В дилижансе он сидел совсем близко, и часы, проведенные рядом с ним, показались мне минутами. Очаровательный собеседник, находчивый и легкий. Когда я рассказывал что-то, что казалось ему смешным, он хохотал, запрокидывая прекрасную голову, и слегка хлопал меня по колену, словно самым естественным образом одобрял мое остроумие.
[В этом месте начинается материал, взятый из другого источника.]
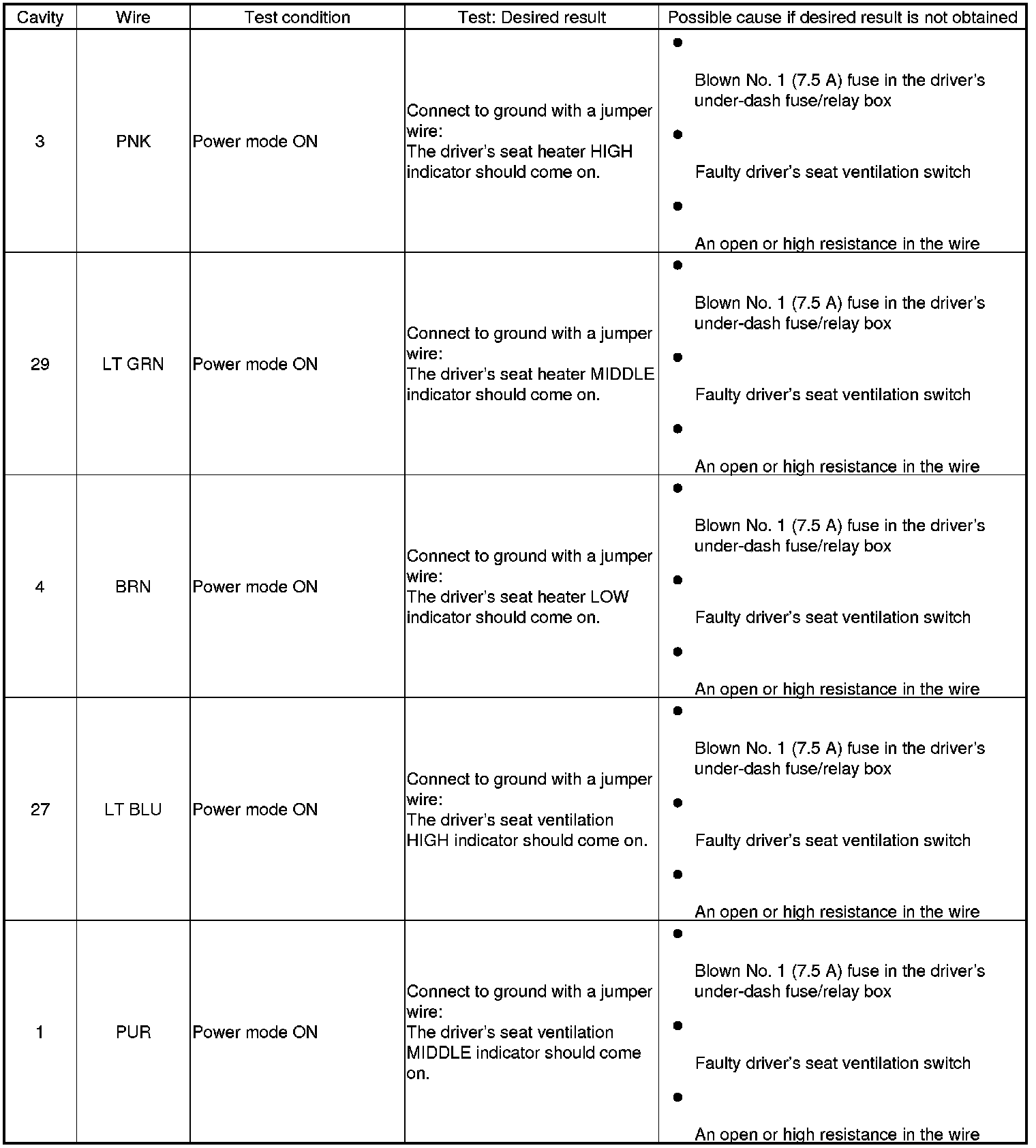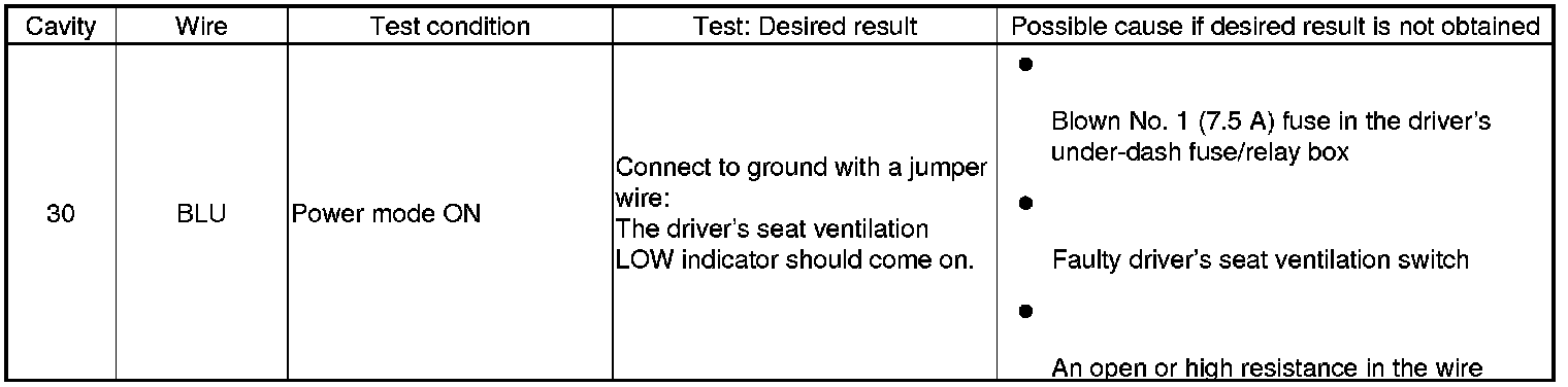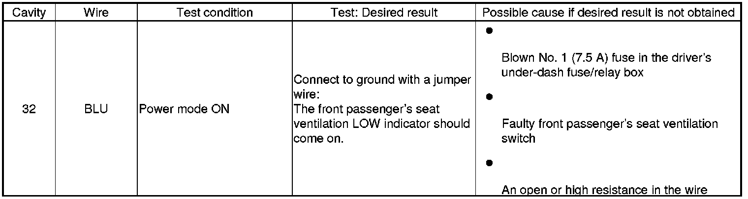 Ventilated Seat Control Unit Input Test/Replacement

Балк замолчал и налил еще стакан не успевшей замерзнуть воды.

— Вы должны понять, господин Винге… у меня никогда не было друга. Более того… мое одиночество не исчерпывалось отсутствием друга. Я не могу вспомнить случай, когда кто-то просто-напросто обратил бы на меня внимание, проявил любопытство, задал вопрос… Поэтому я был плохо подготовлен к встрече с Деваллем. Я был… беззащитен.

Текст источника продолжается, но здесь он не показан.